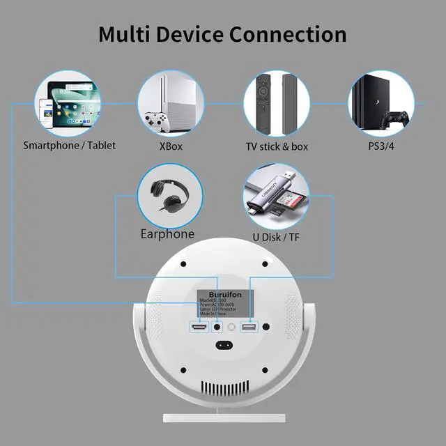 Portable & Flexible Setup: Weighing only 2.5lbs, it's highly portable. Offers versatile placement: ceiling mount, tabletop, tripod, or even 180-degree rotation for projection on any surface. The cute spherical design is also suitable as a gift for children
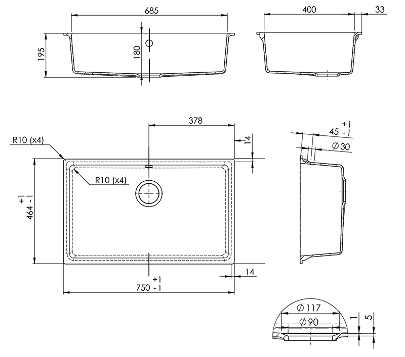 Designet er praktisk og uden hanehul. Kompositmaterialet er af høj kvalitet - det er en kombination af granitgranulat og bindemiddel - som gør vasken meget slidstærk, syrefast, ridsefast og rengøringsvenlig. Denne køkkenvask opfylder altså ethvert ønske om en praktisk køkkenvask med et æstetisk udseende. Specifikationer:
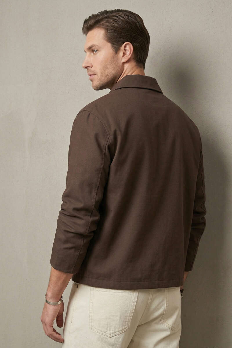 Dik Yaka Tensel Erkek Ceket Kahve
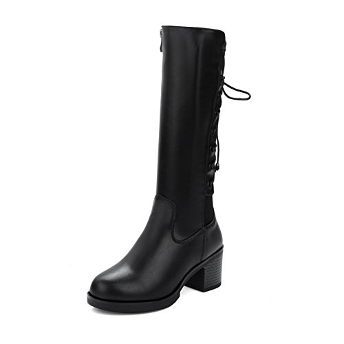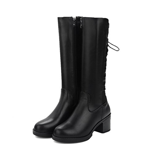 (BalaMasa)/Women's/Boots/DIRECT FROM USA/BalaMasa Womens Kitten-Heels Zipper Mid-Calf Solid Urethane Boots ABL09676
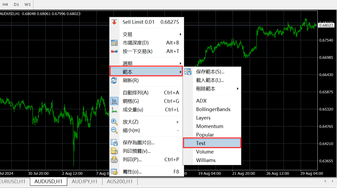 在图表上右键点击,并从弹出选单中的「范本」选项下选择「载入范本」。

━━━━━━━━━━━━━━━━━━━━

▸ **Problem to work on**
From the top of the listing above, repeat each line exactly until you reach the line containing "Dik Yaka Tensel Erkek Ceket Kahve", and repeat that one too. Leave the pictures out.

▸ **Answer section**
 Portable & Flexible Setup: Weighing only 2.5lbs, it's highly portable. Offers versatile placement: ceiling mount, tabletop, tripod, or even 180-degree rotation for projection on any surface. The cute spherical design is also suitable as a gift for children
 Designet er praktisk og uden hanehul. Kompositmaterialet er af høj kvalitet - det er en kombination af granitgranulat og bindemiddel - som gør vasken meget slidstærk, syrefast, ridsefast og rengøringsvenlig. Denne køkkenvask opfylder altså ethvert ønske om en praktisk køkkenvask med et æstetisk udseende. Specifikationer:
 Dik Yaka Tensel Erkek Ceket Kahve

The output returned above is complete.